ThreatNix reports, the Drupal team publicly acknowledged a severe vulnerability in the open source CMS Drupal on March with the release of a patch to address the vulnerability. The vulnerability stemming from the insecure handling of user inputs received from form API AJAX requests allows unauthenticated, remote code execution in the affected website. The vulnerability can be leveraged to completely take over an affected site.
The POC exploit for the vulnerability has been recently released by a Russian security researcher after Check Point, and Dofinity published the technical details of the vulnerability. Following the public release of the exploit,
After Check Point and Dofinity published the technical aspects of the vulnerability, Russian security researched released the POC exploit for the vulnerability. Researchers from Sucuri, Imperva, and the SANS Internet Storm Center have observed automated attempts to develop the weakness named Drupalgeddon2 originating from hundreds of sources. Many attempts to exploit more than a million websites built on Drupal have been identified over the past couple of days.

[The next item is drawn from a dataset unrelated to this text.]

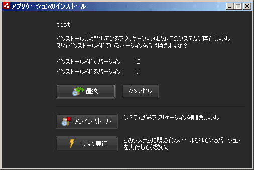同一アプリのバージョンアップのリリースをしたい場合は、全てのインストーラに同じ ID を指定します。また、電子署名も同じになるようにします。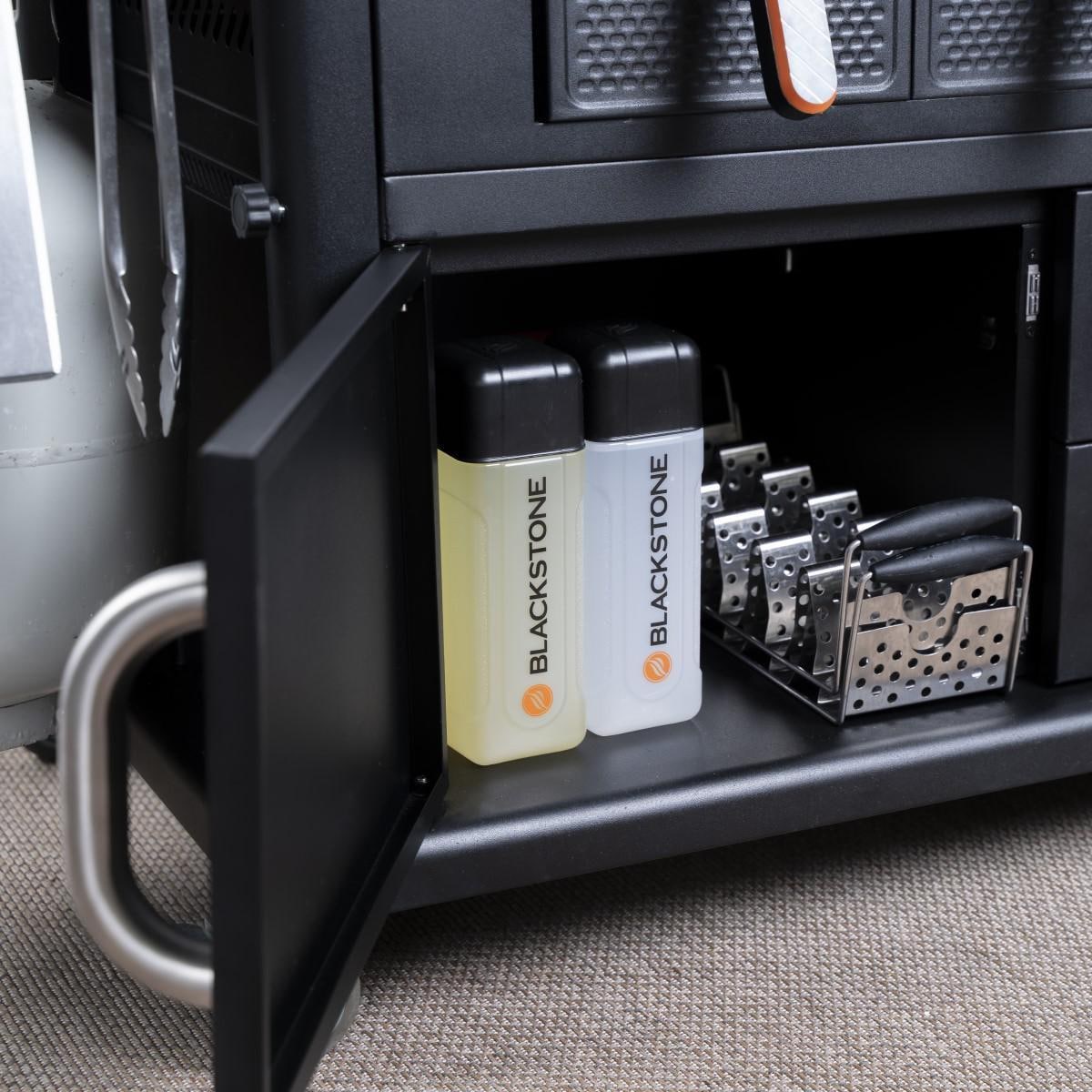Just when you thought there couldn’t be any more food possibilities with a Blackstone griddle, we went and added air fryers into the mix. Enjoy the ability to fry up some French fries and wings while cooking burgers and buns on the griddle top – the food combinations truly are endless with the Blackstone Patio 36-Inch Griddle Cooking Station and Air Fryer combo. Don’t worry about running out of prep space thanks to the large prep shelves on both side of the griddle. The right shelf even has a magnetic tool retention strip and inlaid cutting board to help save space and prepare food. With ample storage and trash bag and paper towel holders, you’ll have everything you need to griddle like a pro all in one convenient station.

According to ThreatNix, this vulnerability that affects Drupal versions 6 to 8 is being used to compromise sites to embed crypto miners within them. This exploit has further boosted the injection of crypto miners by taking over websites which have been a trend among malicious actors for quite some time now.
Drupal is a free and open source content management framework written in PHP and distributed under the GNU General Public License. Drupal provides a back-end framework for at least 2.3% of all websites worldwide – ranging from personal blogs to corporate, political, and government sites. Systems also use Drupal for knowledge management and business collaboration.
As of January 2018, the Drupal community is composed of more than 1.3 million members, including 109,800 users actively contributing, resulting in more than 39,500 free modules that extend and customize Drupal functionality, over 2,570 free themes that change the look and feel of Drupal, and at least 1,200 free distributions that allow users to quickly and easily set up an elaborate, use-specific Drupal in fewer steps.
Drupal 7.58 or Drupal 8.5.1 should be immediately upgraded by website administrator to remove the vulnerability. While Drupal 6, also affected by the vulnerability, is no longer supported, a patch was still provided to address the weakness in this version.
Many reputed IT professionals have publicly warned against the issues. They unsurprisingly have asked people to immediately update Drupal to the patched version and to consider themselves hacked if they do not do so quickly.